Part three, which is the most affecting, centres on Liberty Street’s support group for mothers (and other kinswomen) of murder victims, founded by Danielle. It conveys how the women “raise their dead,” that is, keep and honour deep connections with them by celebrating their birthdays and death anniversaries and by testifying to the intrinsic worth of their lives. Carter theorizes these practices as “restorative kinship,” and shows how they extend out from close family toward the “beloved community” of New Orleans as a whole, by means of the connections the women forge with others impacted by violence, and the visions they communicate of a better, peaceful world in which all human life is valued.

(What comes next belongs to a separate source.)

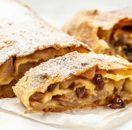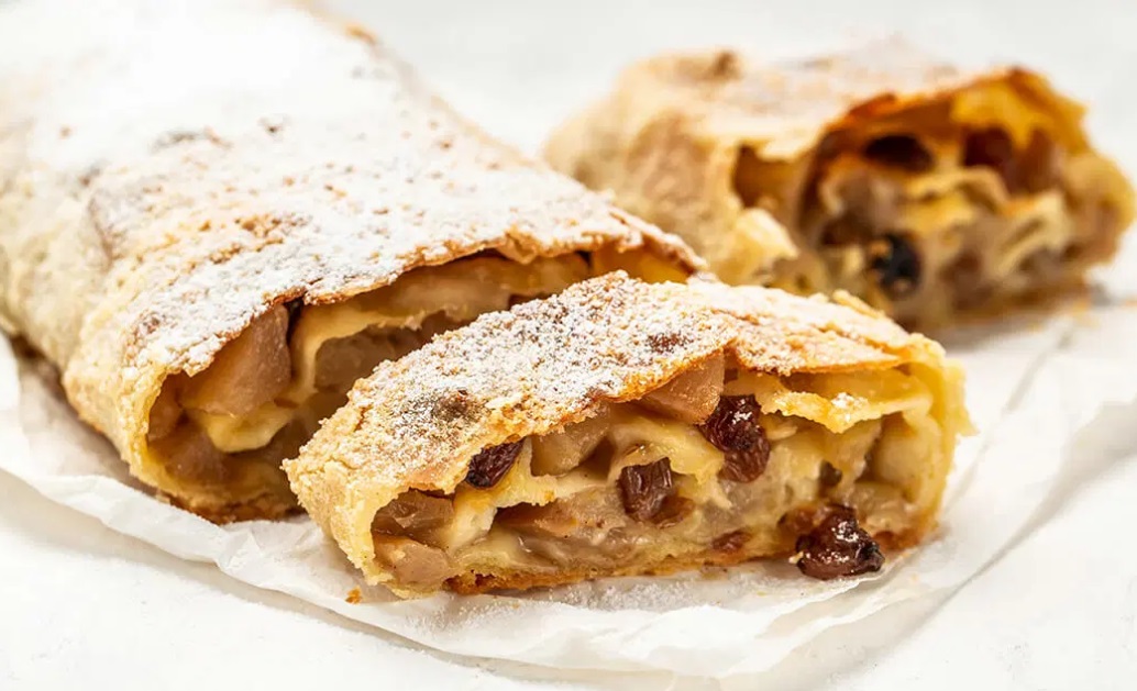 Jabolka operemo, olupimo, jim odstranimo pečke in jih naribamo. Dodamo sladkor, cimet, rozine in limonino lupinico. Premešamo. V ponvi segrejemo nekaj masla, dodamo drobtine in jih prepražimo. Drobtine z maslom namažemo po polovici testa. Na namazan del testa damo jabolčni nadev in zavitek zvijemo. Zvijati začnemo na namazanem delu.

Each part is preceded by an evocative photograph and a “‘message’ in the spirit of a pastoral or lay message one would receive in Baptist worship service” (24), lyrically written like an extended fieldwork vignette. All three messages centre the experiences of the Black women in the support group. Not only do they point to the sacred Black female personhood at the heart of the book, but they also demonstrate Carter’s ethnographic skill. The depiction in the last message of how a commemorative balloon release reflected the tension between the needs of the living to connect with their dead and to let them go was both moving and illuminating.
This book accomplishes three important things. First, its explanations of faith-based anti-violence missions pushed me to think in a new way about the production (and possible resolution) of urban violence, a phenomenon often framed atheistically in terms of socioeconomic conditions and power relations. In this vein, the book helped me learn about a facet of New Orleans that my research there, on a completely different topic, has not touched on. Second, it contributes the concept of restorative kinship, showing how Black women’s kinship practices, rooted in their religion, resist physical and social death, assuage the “kin pain” of losing loved ones to homicide, and unearth hope from despair. Third, it reiterates the centrality of religion in African American movements for social justice and transformation, connecting the love at the heart of the Black Lives Matter movement with “divine love” (220) and the sense of dignity and value that people find in their churches and with God. Prayers for the People, which was awarded the 2020 Anthony Leeds prize by the Society for Urban, National, and Transnational Anthropology, makes an excellent text for teaching urban anthropology, kinship, anthropology of religion, social justice, critical race theory, and the art and methods of ethnography.